Cortex-M Accelerators

heliaCORE maps CMSIS-NN-compatible operators onto the accelerator features available on Ambiq Cortex-M targets.

In this guide, Cortex-M accelerators means:

  • scalar C baseline kernels,

  • the Cortex-M DSP extension,

  • MVE/Helium vector instructions,

  • and FPU/FP16 support where a kernel and device can use it.

MVE is the primary high-throughput path on Cortex-M55-class Apollo devices. DSP paths remain important for Apollo-class devices that do not include MVE.

For a concise family-by-family summary, see Operator & Kernel Coverage.
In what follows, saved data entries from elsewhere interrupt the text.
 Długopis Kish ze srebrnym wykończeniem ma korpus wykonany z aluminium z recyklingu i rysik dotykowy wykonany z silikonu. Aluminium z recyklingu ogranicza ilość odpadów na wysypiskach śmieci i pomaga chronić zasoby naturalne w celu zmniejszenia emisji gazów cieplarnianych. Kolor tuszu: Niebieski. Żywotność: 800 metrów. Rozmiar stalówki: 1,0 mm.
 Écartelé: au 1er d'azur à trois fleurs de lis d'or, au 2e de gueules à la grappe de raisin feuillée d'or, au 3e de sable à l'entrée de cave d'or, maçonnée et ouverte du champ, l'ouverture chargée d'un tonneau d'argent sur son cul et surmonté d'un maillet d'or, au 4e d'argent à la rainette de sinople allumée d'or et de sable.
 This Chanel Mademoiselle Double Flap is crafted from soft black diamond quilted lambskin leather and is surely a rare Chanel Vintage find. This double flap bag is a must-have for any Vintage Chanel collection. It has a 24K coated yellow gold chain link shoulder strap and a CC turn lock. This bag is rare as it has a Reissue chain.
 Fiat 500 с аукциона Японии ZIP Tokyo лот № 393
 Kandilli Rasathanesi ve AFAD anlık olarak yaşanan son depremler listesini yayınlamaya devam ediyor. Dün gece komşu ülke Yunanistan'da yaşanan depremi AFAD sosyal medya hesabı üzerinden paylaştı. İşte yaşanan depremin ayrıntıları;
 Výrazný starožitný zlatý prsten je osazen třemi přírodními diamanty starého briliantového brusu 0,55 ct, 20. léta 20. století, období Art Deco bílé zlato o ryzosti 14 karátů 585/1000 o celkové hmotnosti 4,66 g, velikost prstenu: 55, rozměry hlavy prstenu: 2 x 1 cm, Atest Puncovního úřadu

For exact function prototypes and per-kernel behavior, see API.

Why coverage matters

Arm CMSIS-NN provides the trusted foundation for efficient neural-network kernels on Cortex-M. Ambiq HELIA profiling showed that real model graphs spend time in more than the largest convolution or matrix-multiply layer.

The practical gaps are often around:

  • padding and layout changes,

  • LeakyReLU and other activations,

  • reductions and comparisons,

  • quantization and classifier-tail operators,

  • and wrapper/buffer helpers needed by firmware integration.
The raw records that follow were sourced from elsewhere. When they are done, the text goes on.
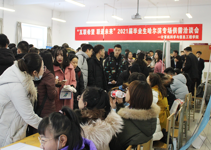 为深入贯彻落实《哈尔滨师范大学2021届毕业生“全员就业四大行动”工作方案》精神,切实做好2021届毕业生就业工作,进一步提高2021届毕业生就业质量,11月27日下午,计算机科学与信息工程学院在理工一号117教室举办了“互联希望、职通未来”2021届毕业生哈尔滨专场供需洽谈会。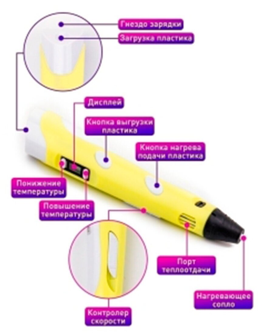 Комплект 3Д ручка NIT-PEN3 желтая + пластик PLA 10 цветов по 10 метров, в упаковке: 1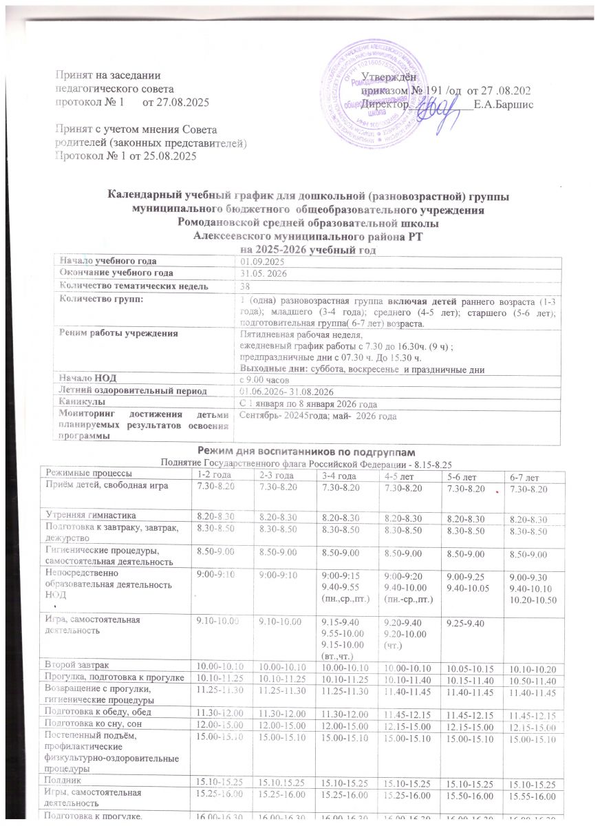 Календарный учебный график дошкольной группы 2023-2024 уч.год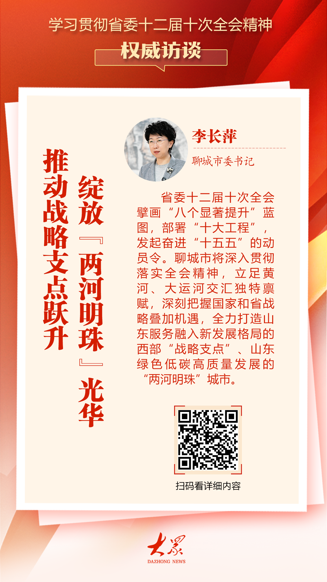 省委十二届十次全会擘画“八个显著提升”蓝图,部署“十大工程”,发起奋进“十五五”的动员令。聊城市将深入贯彻落实全会精神,立足黄河、大运河交汇独特禀赋,深刻把握国家和省战略叠加机遇,全力打造山东服务融入新发展格局的西部“战略支点”、山东绿色低碳高质量发展的“两河明珠”城市。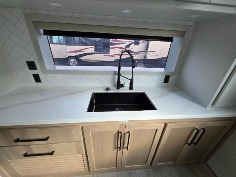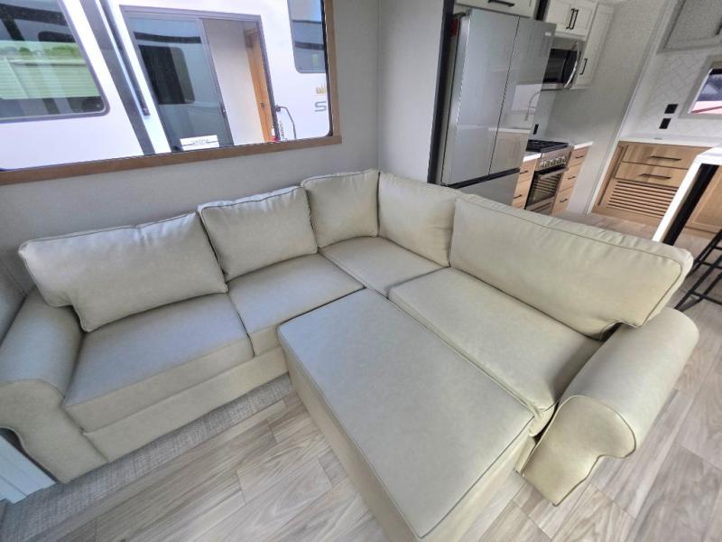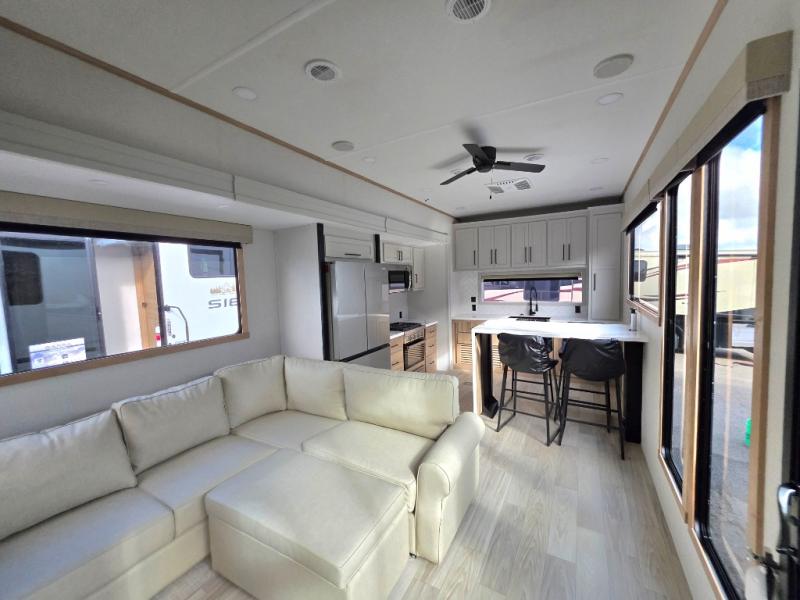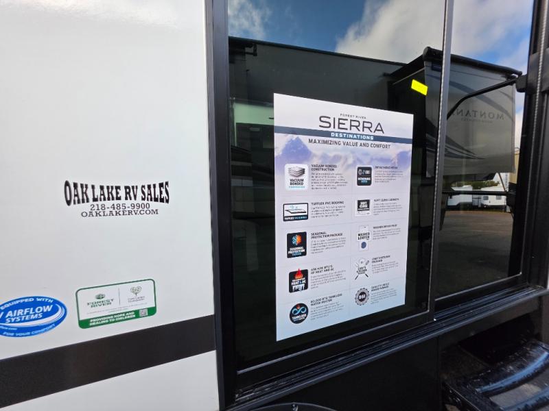 With each Sierra Destination Trailer by Forest River you will enjoy many luxurious features, such as crown molding over the kitchen cabinets, solid surface kitchen countertops, a memory foam mattress, plus so much more. The extra large picture windows throughout let natural light in and provide beautiful outdoor views, and each model includes three or more slides for added interior space. You'll find many exterior conveniences, like the porch light with an interior switch, the rain gutters with extra long drip spouts to prevent black streaking, and an electric awning with LED light strip, plus more! You will stay comfortable year around with dual 15,000 A/C units plus each model is constructed with an Underbelly Armor for better protection and insulation!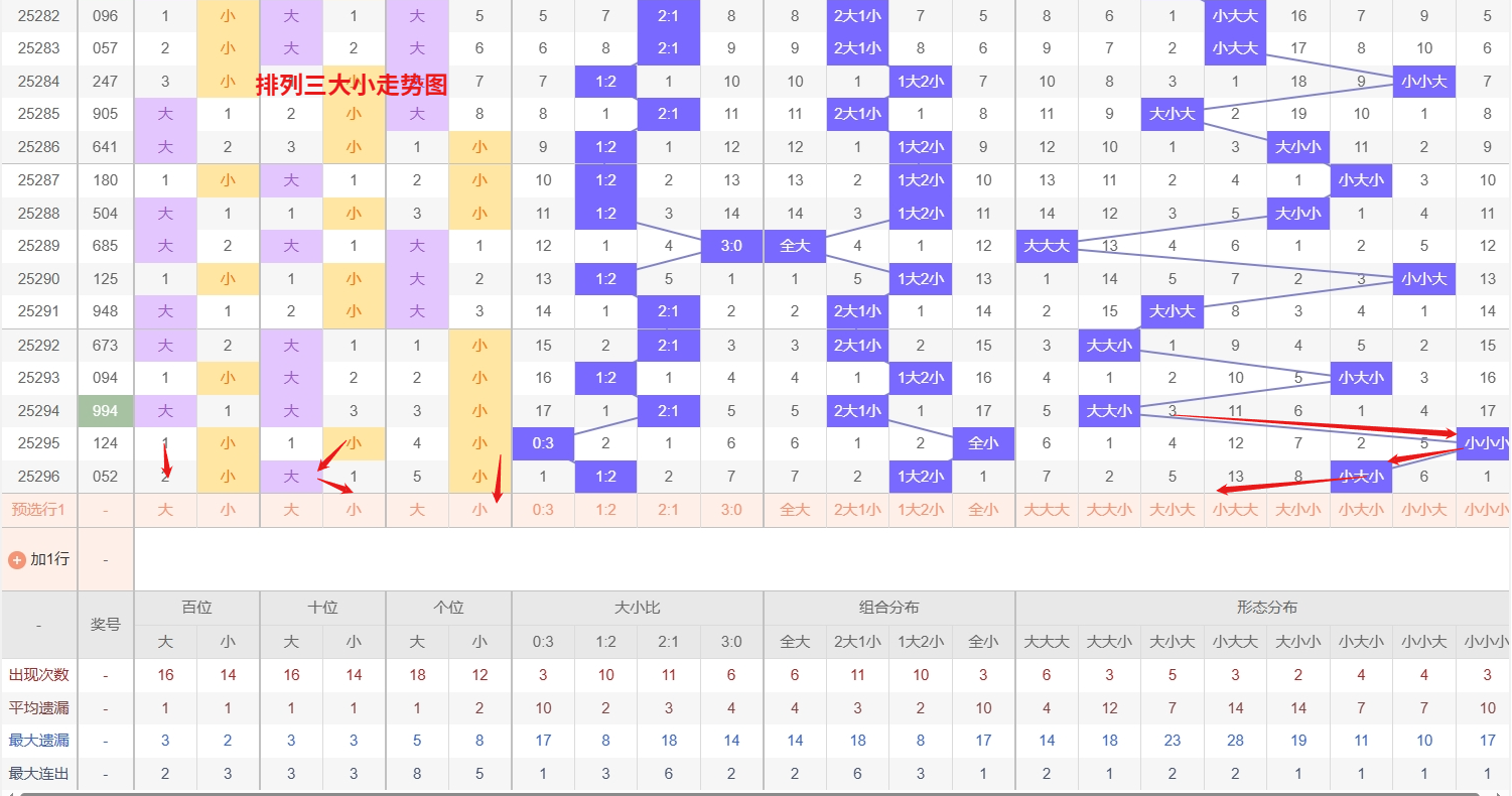 排列三 大小形态分析:从大小走势图上可以看出排列三100期内百位大小比约为49比51,十位大小比约为47:53,个位大小比约为55比45,除了个位奇数比偶数多,十位和百位是偶数比奇数多。历史数据近2期开出小大小下一期的走势为,第214期开出小大小第215期开大小小。第222期开出小大小后第223期开大大小,第237期开出小大小后238期开大小大。排列三近期大小走势的跟踪分析,目前“大小小”组合已持续遗漏较长时间,明显处于冷态区间,从概率均衡的角度看,此类冷态组合随着遗漏值的增长,其回补的动能正在不断累积,近期出现反弹的可能性逐渐增大。与此同时,“大小大”组合正呈现热出态势,作为当前的热门形态,其强劲势头短期内仍有延续的可能,在关注冷号回补的同时必须对其保持警惕。综合采取“追冷防热”的双轨策略,在重点关注“大小小”冷号回补机会的同时,合理防范“大小大”热号的持续表现,所以排列三第2025297期大小形态推荐大小小大小大本文由一起彩钱是生命动力所著,请勿转载

heliaCORE adds 200+ accelerated operators and variants so these graph edges do not fall back to generic paths on Ambiq firmware targets.

What the acceleration paths are

baseline Scalar C Portable kernels for compatibility and for smaller Cortex-M0-class devices without specialized math extensions.
fixed-point DSP extension Packed scalar instructions selected with `ARM_MATH_DSP` for efficient int8, int16, and int32 quantized kernels.
vector MVE / Helium Arm M-Profile Vector Extension, selected with MVE feature macros such as `ARM_MATH_MVEI`, for high-throughput Cortex-M55 kernels.
floating point FPU / FP16 Hardware and compiler support for fp16/fp32 variants. It complements DSP or MVE rather than replacing them.

Why MVE is a big step

MVE 128-bit vector engine

MVE, also known as Helium, lets Cortex-M55 process many narrow values at once: 16 int8 lanes, 8 int16 or fp16 lanes, or 4 int32 or fp32 lanes per vector.

DSP Packed scalar math

The DSP extension accelerates fixed-point math with packed 8-bit and 16-bit operations, dual 16-bit MAC instructions, saturation, and fast accumulates.

Flow Whole-graph speed

Good kernels keep lanes busy across convolution, fully connected, activation, pooling, quantization, and layout operators, not only the obvious MAC-heavy layers.
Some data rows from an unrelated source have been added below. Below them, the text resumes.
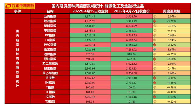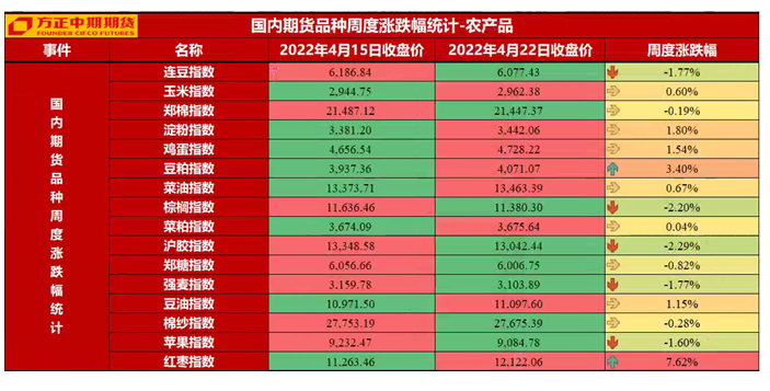 生鲜软商品板块:本周生鲜果品走势分化,红枣表现强势,苹果表现弱势。苹果市场来看,产区陆续进入花期,天气波动平稳,炒作预期降温,期价继续高位回落;红枣市场来看,成本支撑凸显,期价低位回升。后期来看,苹果现货价格与新果产量预期依然是市场主要关注点,期价继续下行空间或有限;红枣市场来看,供应偏紧支撑仍在,期价存在向上修正的基础。本周软商品走势也有所分化,橡胶继续探底,纸浆延续强势,白糖和棉花震荡整理。橡胶市场来看,需求端疲弱继续施压,期价继续探底;纸浆市场来看,供应扰动仍在,叠加人民币贬值引发成本上移,期价高位偏强;白糖市场来看,国内进入产糖尾声,同时消费进入淡季,期价继续窄幅震荡;棉花市场来看,成本与消费的博弈延续,期价偏强震荡。后期来看,供应端相对支撑仍在,纸浆期价或延续高位区间波动;棉花市场成本与消费的博弈延续,期价继续区间震荡;白糖面临供给季节性下滑与需求淡季的博弈,期价预期区间震荡;橡胶市场需关注疫情的变化,后期疫情逐步好转,消费存在修复预期,期价或探底回升。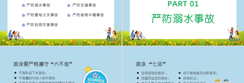 2021卡通暑假安全教育主題班會(huì)PPT Array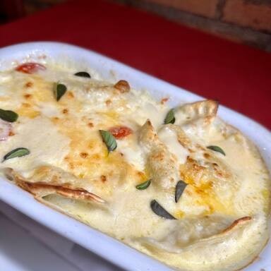 Massa artesanal recheada com quatro queijos, banhada ao molho rosé com camarões pequenos e gratinada ao forno com queijo parmesão.

MVE is not just a different intrinsic name. It changes the unit of work:

  • DSP improves scalar fixed-point loops with packed instructions.

  • MVE runs 128-bit vector operations with predication, vector MAC, dot-product patterns, saturation, and lane-wise data movement.

  • Expected gain is kernel and shape dependent, but favorable MAC-heavy int8 paths can make an up-to-8x speedup over DSP-style implementations plausible when data layout and memory traffic cooperate.

That is why heliaCORE treats MVE coverage as a primary design axis for Cortex-M55-class Ambiq devices, while still preserving DSP paths for Apollo devices that rely on them.

Coverage pressure from real model graphs

These internal counts explain why heliaCORE invests in both MAC-heavy kernels and the smaller operators that connect them.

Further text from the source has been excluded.